== Work item ==
Every record below is to be retyped exactly, with the pictures left out.

Records from a data source:
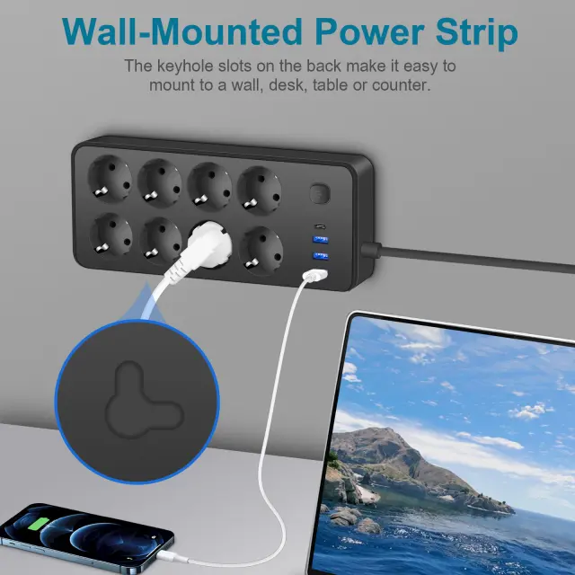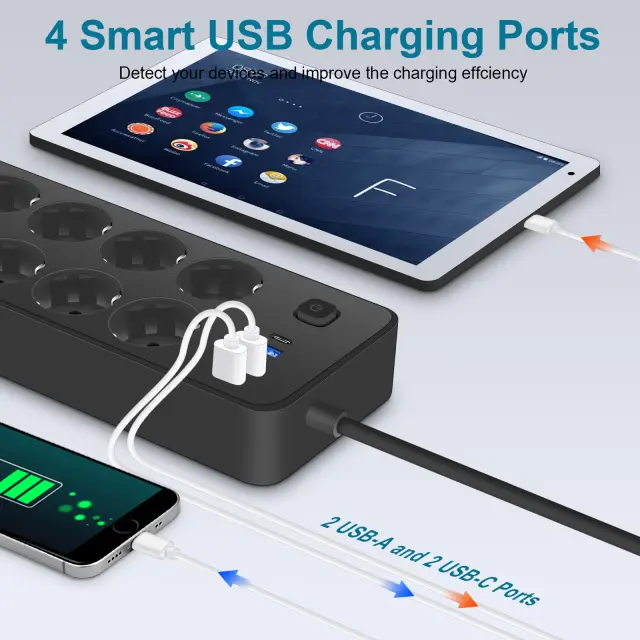 Več možnosti polnjenja: Ta EU standardna vtičnica ima 8 vtičnic, 3 USB priključke in USB-C priključek, kar vam omogoča, da polnite več naprav hkrati. Popolna je za domove ali pisarne s številnimi elektronskimi napravami, saj odpravlja potrebo po več adapterjih in ohranja vaš prostor organiziran. Vključitev USB-C priključka zagotavlja združljivost z najnovejšimi napravami, kar omogoča hitro in učinkovito polnjenje. Razmik med vtičnicami je zasnovan tako, da sprejme večje vtiče, ne da bi blokiral sosednje vtičnice, kar povečuje uporabnost.
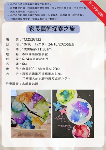 日  期:9/9、16/9、 23/9、30/9/2025(逢二)  負責職員:余綺珊姑娘
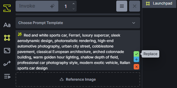 Once the prompt has been generated, you can either replace your existing prompt with the generated prompt or add it to your existing prompt using the respective button within the prompt box.
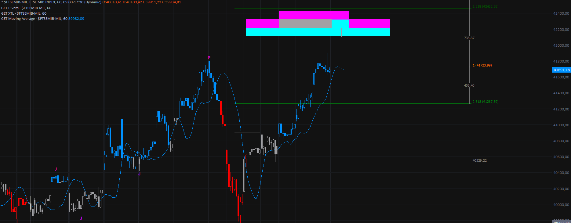 Il FTSE MIB 40 ha confermato con decisione la volontà di proseguire verso nuovi massimi, già superati nella seduta di venerdì. L’obiettivo immediato si sposta ora sulla prossima area di resistenza compresa tra 42100 e 42400 punti.
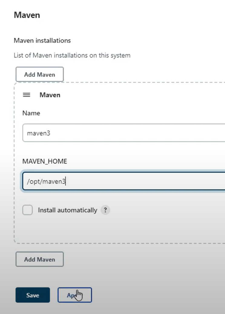 - Manage Jenkins ==> Global Tool Configuration ==> Maven

== Result ==
 Več možnosti polnjenja: Ta EU standardna vtičnica ima 8 vtičnic, 3 USB priključke in USB-C priključek, kar vam omogoča, da polnite več naprav hkrati. Popolna je za domove ali pisarne s številnimi elektronskimi napravami, saj odpravlja potrebo po več adapterjih in ohranja vaš prostor organiziran. Vključitev USB-C priključka zagotavlja združljivost z najnovejšimi napravami, kar omogoča hitro in učinkovito polnjenje. Razmik med vtičnicami je zasnovan tako, da sprejme večje vtiče, ne da bi blokiral sosednje vtičnice, kar povečuje uporabnost.
 日  期:9/9、16/9、 23/9、30/9/2025(逢二)  負責職員:余綺珊姑娘
 Once the prompt has been generated, you can either replace your existing prompt with the generated prompt or add it to your existing prompt using the respective button within the prompt box.
 Il FTSE MIB 40 ha confermato con decisione la volontà di proseguire verso nuovi massimi, già superati nella seduta di venerdì. L’obiettivo immediato si sposta ora sulla prossima area di resistenza compresa tra 42100 e 42400 punti.
 - Manage Jenkins ==> Global Tool Configuration ==> Maven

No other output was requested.